A storm of buzzards is circling outside the window
of my hospital room, looking south and east across the river
toward the high-rise construction cranes downtown.
They are a regular sight in December, buzzards migrating
in particulate vortices, slow-moving gyres that resemble,
from a distance, glassless, black-feathered snow globes.
Satin-hemmed sheaths of cloud shuttle across the sky,
diffuse silver light alternating with bursts of Florida sun,
the occasional spatter of raindrops from a string
of unseasonable storms parading up from the Gulf,
cars composing a stop-and-go stream of metal
parallel to the river, small Caribbean freighters docked
along quaysides of cabbage palms and crab traps,
I can see it all with great clarity, the birds, the traffic,
it’s effortless—the doctor in the eye clinic
spoke enviously of my vision, better than 20/20,
even at my rapidly advancing middle age.
The bad news is that I am periodically blind
in one of those otherwise excellent eyes, which flickers
between darkness and light, like poorly connected cable TV.

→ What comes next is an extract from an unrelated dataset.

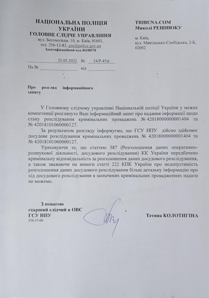 От Нацполиции оперативный ответ получить не удалось — ее ведомство направило только недавно, через несколько месяцев после нашего запроса. Но и она повторила ответ Генпрокуратуры (хотя ничего удивительного, ведь речь идет об одних и тех же производствах).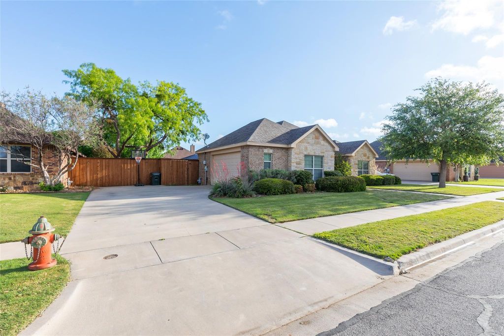 Welcome to desirable Lone Star Ranch, where comfort and convenience come together in this beautifully designed 3-bedroom, 2-bath home with an open floorplan perfect for everyday living and entertaining. The spacious living room features a tall vaulted ceiling and a stunning stone wood-burning fireplace, creating a warm and inviting focal point. The kitchen is well-appointed with stainless steel appliances, quality cabinetry, and a large island with seating for four—ideal for gathering with family and friends. The oversized primary suite offers plenty of space to unwind, complete with an ensuite featuring a corner garden tub, dual sinks, a walk-in tiled shower, and a generous walk-in closet. Guest bedrooms and the secondary bathroom are also nicely sized, providing comfort for everyone. Step outside to enjoy the covered back patio and cabana, equipped with a built-in grill, countertop-bar space, a mini fridge and hot tub—perfect for outdoor entertaining. The patio has been extended to allow for even more space to host gatherings. Recent updates include a Jacuzzi hot tub, cabana, outdoor kitchen refrigerator, dishwasher, a new roof, and updated sprinkler heads and drip irrigation in the flower beds with a Rain Bird controller. Conveniently located with easy access to Dyess AFB, schools, and shopping, residents of Lone Star Ranch enjoy access to a community clubhouse featuring two pools, a covered picnic area, hot tub, and restrooms.

It’s terrifying, that darkness. Enveloping. Confounding.
Immediately, all thought flows toward the remaining eye—
may it never falter, dear lord, may it guide me
through the corridors of your mansion forever and ever,
amen. In the land of the blind the one-eyed man is king
but I have never envied royalty. I am a democrat
and I want to go home. It’s two days before Christmas here
at the ho-ho-hospital, and the nurses are antsy
for some quality family time, Becky has four girls
and a worthless ex-husband, she started nursing school
after the divorce at age thirty-nine, if you can believe it.

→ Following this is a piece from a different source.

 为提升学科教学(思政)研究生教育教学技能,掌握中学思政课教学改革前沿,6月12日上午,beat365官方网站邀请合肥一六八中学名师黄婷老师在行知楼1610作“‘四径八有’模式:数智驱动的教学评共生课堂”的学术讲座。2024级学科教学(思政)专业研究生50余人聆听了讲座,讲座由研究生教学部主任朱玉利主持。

How to describe the gloominess of the hospital at this season?
Little worse than its familiar, jaundiced, institutional gloom,
in some ways, but it is more poignantly melancholy,
doors adorned with droopy silver wreaths, a poinsettia
dropping its leaves on the brightly sanitized nurses’ desk
as if it were coming down with something.
Every effort at seasonal cheer serves only to clarify
its inherent joylessness, just as all the holiday schmoozing
on the ever-running TV sets, the enforced jollity
of Toyotathon commercials and celebrity chefs
baking caramel gingerbread men on the morning show,
makes us feel more empty-hearted, fearful, and alone.